Ada beberapa argumen yang melatari Indonesia mesti memiliki satelit sendiri
antara lain, untuk memobilisasi arus informasi dari pusat ke daerah atau
sebaliknya, mengingat luas wilayah dan kondisi geografis yang berpulau-pulau,
selain untuk memicu pertumbuhan pembangunan, ekonomi, dan bisnis. Namun
demikian, lantaran pemerintah dalam menerapkan kebijakan mengenai siaran
asing di Indonesia terlalu ketat dan sering berubah, maka banyak pihak yang ingin
menyewa transponden Palapa dibatalkan. Karena itu, meskipun Palapa
keberadaannya lebih dulu ada dibanding satelit Asia-Sat 1 misalnya, tetapi yang
belakangan ini lebih maju dalam arti jangkauan siaran, jumlah pemirsa dan
penyewa transponder. Padahal jika semua kapasitas transponder yang dimiliki
satelit semua laku disewa, maka pemilik satelit tinggal memetik keuntungan yang
besar.
PROPAGANDA INTERNASIONAL
Pengertian Propaganda
Komunikasi persuasif ini pun dapat dibedakan antara yang dijalankan dalam masa
damai dan yang dilancarkan dalam masa perang yang mengambil bentuk agresif.
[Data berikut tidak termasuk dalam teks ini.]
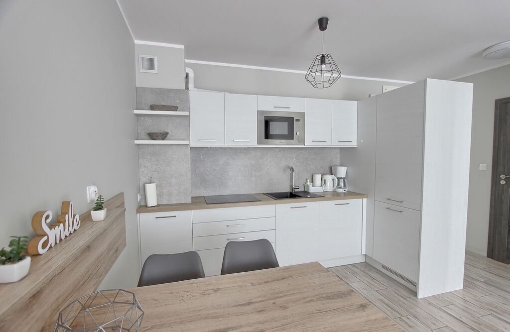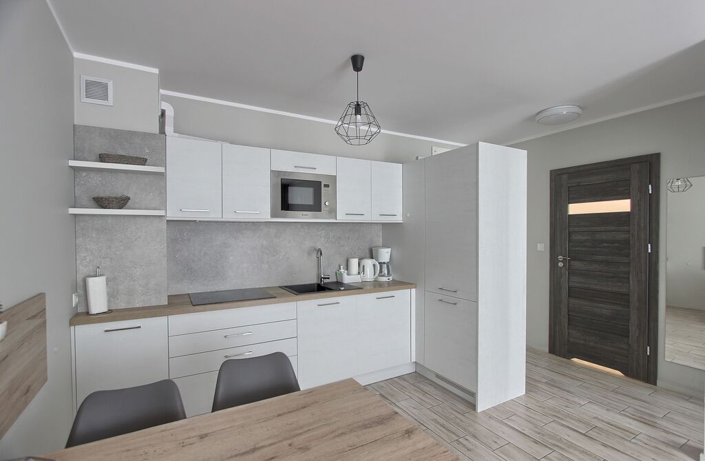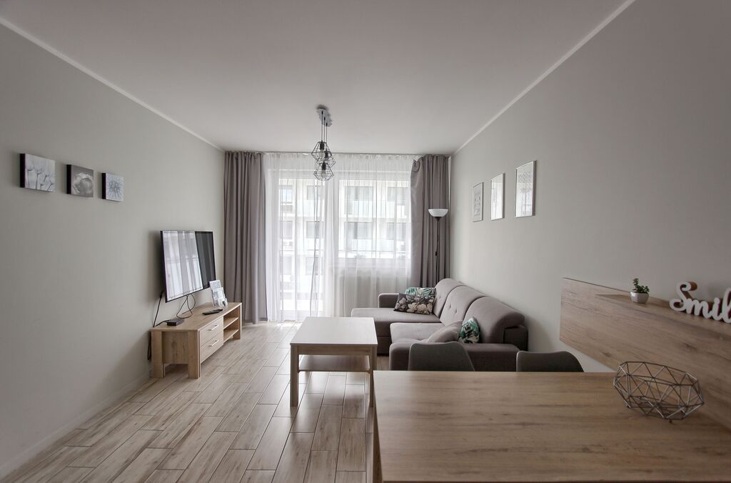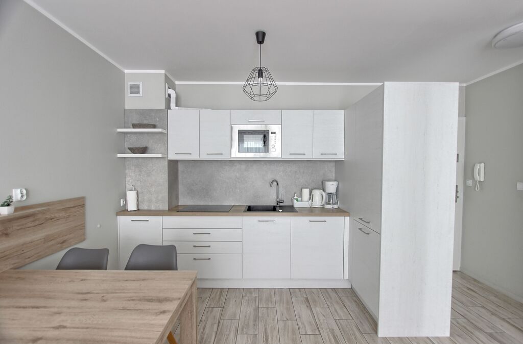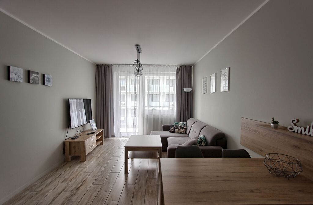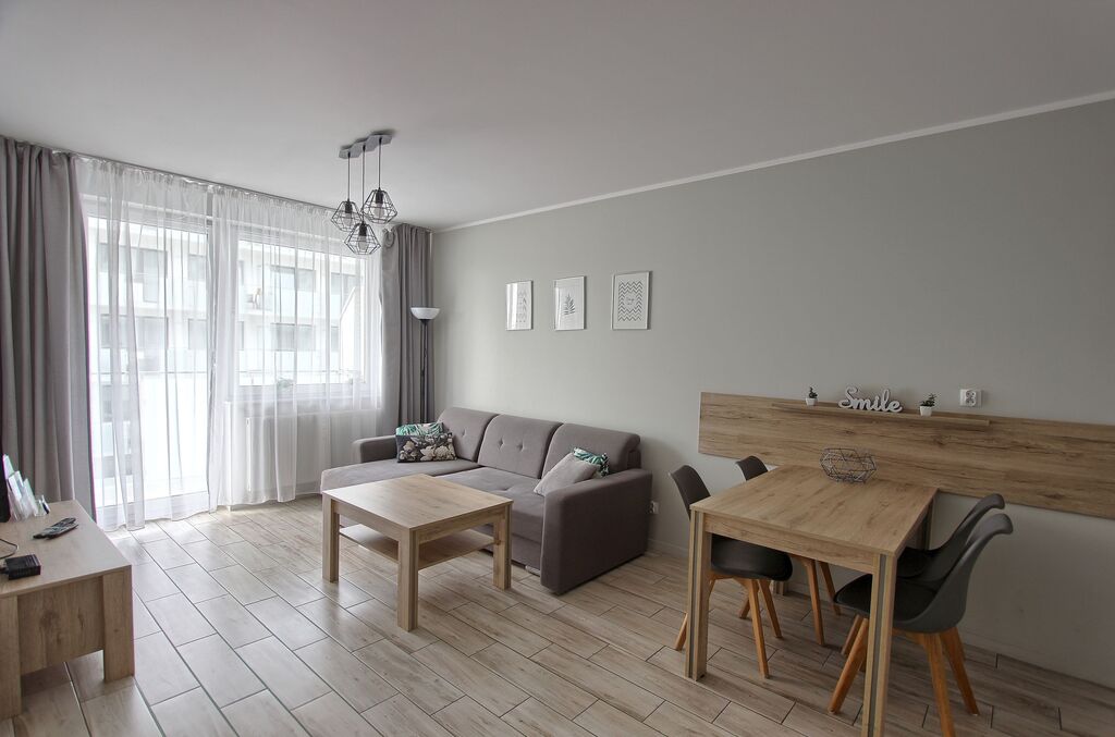Apartament umeblowany, ładnie i wygodnie urządzony. Powierzchnia to prawie 38 m2. Składa się z salonu z rozkładaną kanapą, w pełni wyposażonego aneksu kuchennego oraz sypialni z łożem małżeńskim i łazienki z prysznicem. Dodatkowym atutem jest taras na który można wyjść z sypialni, jak i z salonu. W budynku znajduje się siłownia, rowerownia, a na dachu taras z leżakami. Teren obiektu jest ogrodzony. Budynek wybudowany przez solidnego kołobrzeskiego dewelopera, dobrze zarządzany. Koszty utrzymania to około 600 zł. Ogrzewanie i ciepła woda z sieci miejskiej.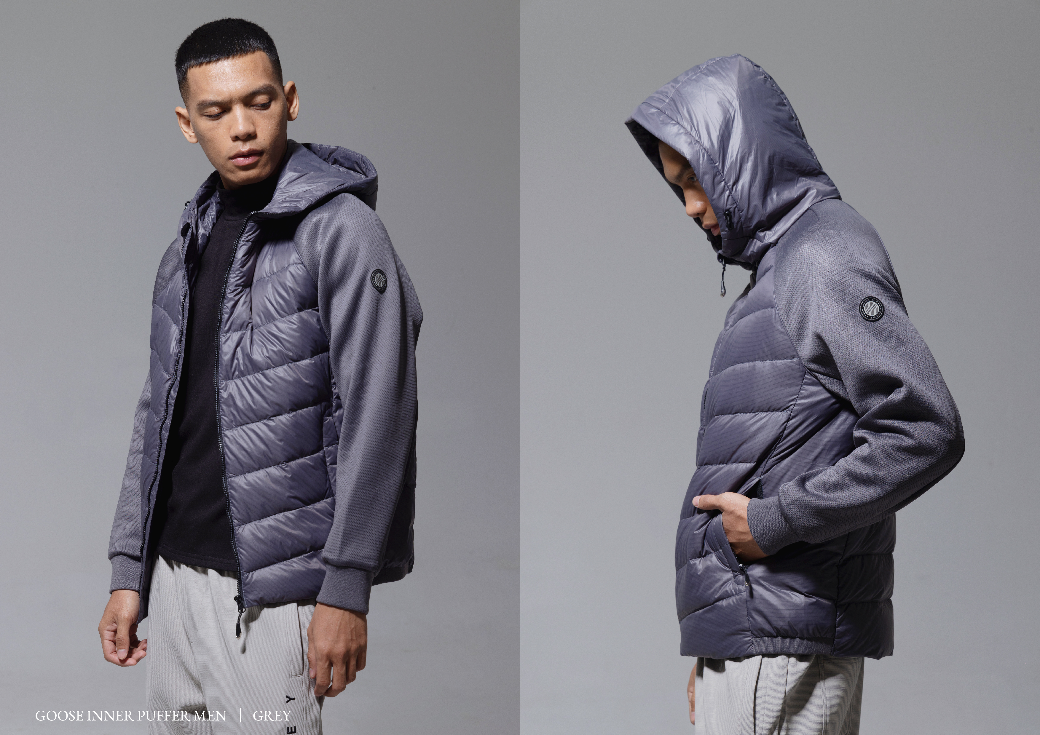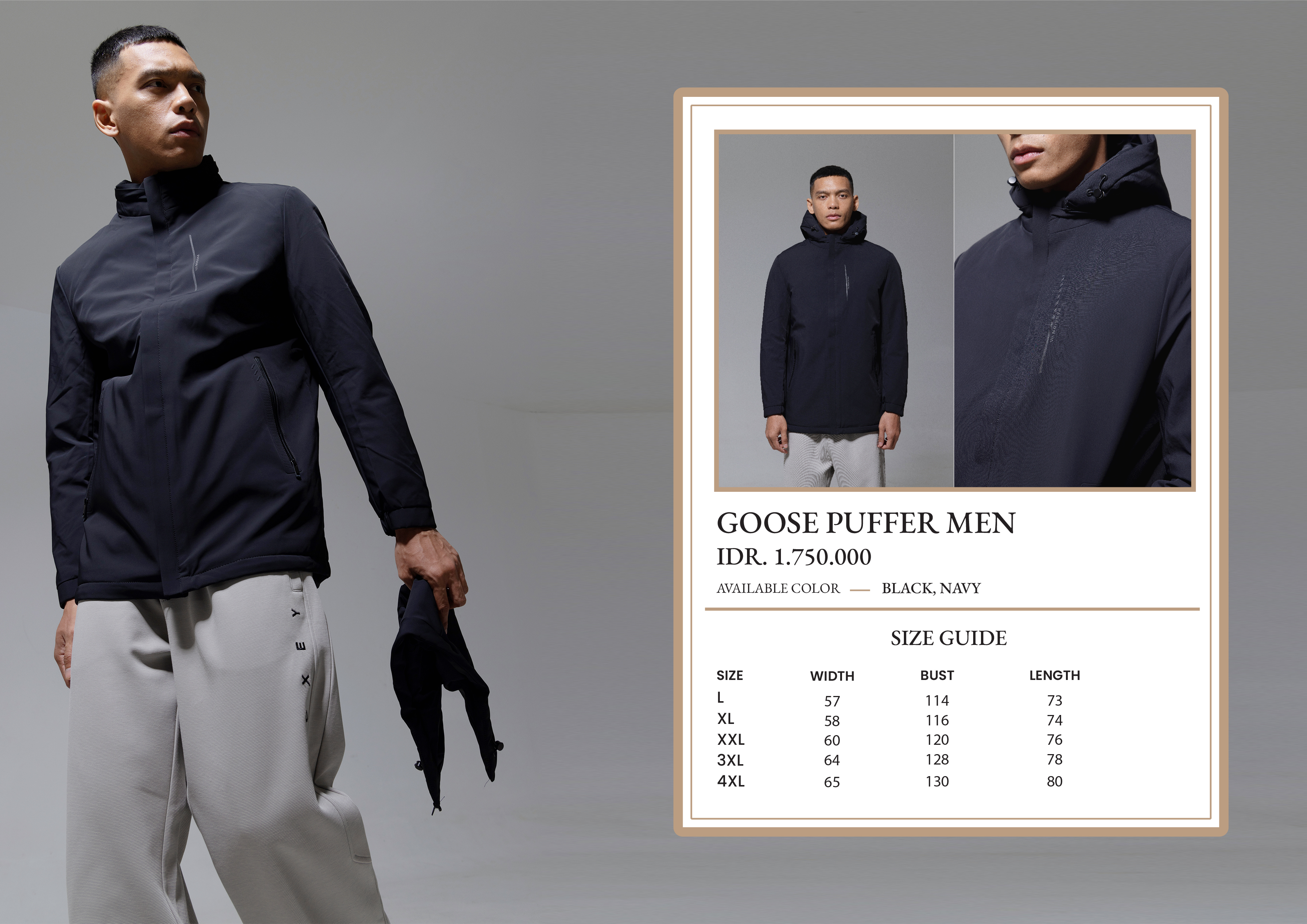 Inner Puffer Men Goose Down (100% Bulu Angsa) Colors : Black, Grey SIze : L, XL, XXL, 3XL, 4XL Bust L : 55cm (110) XL : 56cm XXL : 60cm (120cm) 3XL : 61cm (122cm) 4XL : 62cm (124cm) Length : L : 66cm XL : 71cm XXL :72cm 3XL : 73cm 4XL : 75cm

Dalam masa perang, masing-masing kubu bertikai memanfaatkan berbagai sarana
komunikasi untuk mempengaruhi kubu lawan, terutama untuk memecah belah,
melemahkan, serta menghancurkan semangat bertempur musuh.
Propaganda Internasional Melalui Media Massa Swasta
Dalam masa damai ini, propaganda yang dijalankan memiliki pola lebih halus.
Pemerintah negara-negara besar lazim mendirikan perpustakaan,
menyelenggarakan seminar, diskusi, acara budaya, pertukaran siswa di negara lain
aktivitas-aktivitas yang pada dasarnya berfungsi mempengaruhi publik luar negeri
mendukung negara besar tersebut. Hampir setiap negara juga menyelenggarakan
stasiun radio gelombang pendek untuk menjalankan propaganda internasional
mereka.
Namun, seperti terlihat dalam kasus AS, ‘peperangan informasi’ itu tak hanya
dijalankan sepenuhnya oleh organ-organ pemerintah, namun juga didukung oleh
inisiatif-inisiatif non-pemerintah, serta melalui media massa swasta yang baik
secara terencana atau tidak terencana mendukung kebijakan pemerintah tersebut.